Collected data:
------------------------

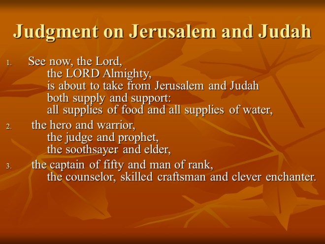 In Isaiah 3 the prophet proclaimed judgment on Jerusalem and Judah.
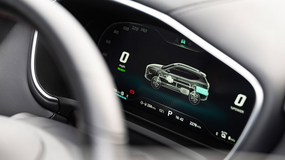 von 11: Während der Verbrenner seine Kraft via Sechsgangautomatik an die Fronträder leitet, ist die E-Maschine an eine eigene Viergang-Automatik gekoppelt. Damit soll das Selbstschaltgetriebe dem Fahrer praktisch zehn Übersetzungsvarianten zur Verfügung stellen.
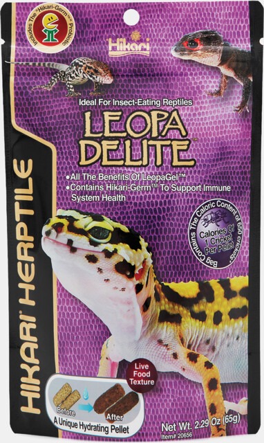 De Hikari Leopa Delite is een ideale mix van ingrediënten in een gemakkelijk te gebruiken en economische pellet. Het bevat de Hikari-Germ probiotica om het immuunsysteem en de spijsvertering te ondersteunen. Wetenschappelijk ontwikkelde formule voor insectenetende hagedissen zoals Luipaardgekko’s, en kleinere Teju’s en Varanen. Na het bevochtigen krijgen de pellets een sponsachtige structuur die aantrekkelijk is voor hagedissen en lijkt op die textuur van levende insecten. Door de grote smakelijkheid wordt de pallet relatief eenvoudig geaccepteerd ook door dieren die normaal niet snel een pallet zouden pakken. 1 pellet bevat ongeveer evenveel calorieën als 1 krekel van 2 cm. Week de pellets 3 tot 5 minuten in water voor het voeren. Voor jonge dieren dagelijks en volwassen dieren elke 2-3 dagen
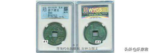 附图27是一枚崇宁通宝到代真币,被奸商在钱体背面地张处用电脑雕刻机刻上人物神兽及封神公三字,再在线条上涂以伪锈,经过鉴定当真品入盒,是一枚欺骗性及杀伤力较大的伪造币,可用放大镜仔细观察,刻线沟平缓,无刻刀刻出的V形状及刻线末端的出锋。
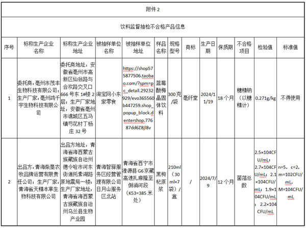(四)青海智驛服務(wù)區(qū)經(jīng)營管理有限公司日月山服務(wù)區(qū)北站銷售的、標(biāo)稱青海柴墾農(nóng)牧品牌運(yùn)營有限責(zé)任公司出品的、青海省天精本草生物科技有限公司生產(chǎn)的黑枸杞原漿,其中菌落總數(shù)不符合食品安全國家標(biāo)準(zhǔn)規(guī)定。

------------------------

Copy the records word for word, leaving no picture in the copy.

Exercise answer —
 In Isaiah 3 the prophet proclaimed judgment on Jerusalem and Judah.
 von 11: Während der Verbrenner seine Kraft via Sechsgangautomatik an die Fronträder leitet, ist die E-Maschine an eine eigene Viergang-Automatik gekoppelt. Damit soll das Selbstschaltgetriebe dem Fahrer praktisch zehn Übersetzungsvarianten zur Verfügung stellen.
 De Hikari Leopa Delite is een ideale mix van ingrediënten in een gemakkelijk te gebruiken en economische pellet. Het bevat de Hikari-Germ probiotica om het immuunsysteem en de spijsvertering te ondersteunen. Wetenschappelijk ontwikkelde formule voor insectenetende hagedissen zoals Luipaardgekko’s, en kleinere Teju’s en Varanen. Na het bevochtigen krijgen de pellets een sponsachtige structuur die aantrekkelijk is voor hagedissen en lijkt op die textuur van levende insecten. Door de grote smakelijkheid wordt de pallet relatief eenvoudig geaccepteerd ook door dieren die normaal niet snel een pallet zouden pakken. 1 pellet bevat ongeveer evenveel calorieën als 1 krekel van 2 cm. Week de pellets 3 tot 5 minuten in water voor het voeren. Voor jonge dieren dagelijks en volwassen dieren elke 2-3 dagen
 附图27是一枚崇宁通宝到代真币,被奸商在钱体背面地张处用电脑雕刻机刻上人物神兽及封神公三字,再在线条上涂以伪锈,经过鉴定当真品入盒,是一枚欺骗性及杀伤力较大的伪造币,可用放大镜仔细观察,刻线沟平缓,无刻刀刻出的V形状及刻线末端的出锋。
(四)青海智驛服務(wù)區(qū)經(jīng)營管理有限公司日月山服務(wù)區(qū)北站銷售的、標(biāo)稱青海柴墾農(nóng)牧品牌運(yùn)營有限責(zé)任公司出品的、青海省天精本草生物科技有限公司生產(chǎn)的黑枸杞原漿,其中菌落總數(shù)不符合食品安全國家標(biāo)準(zhǔn)規(guī)定。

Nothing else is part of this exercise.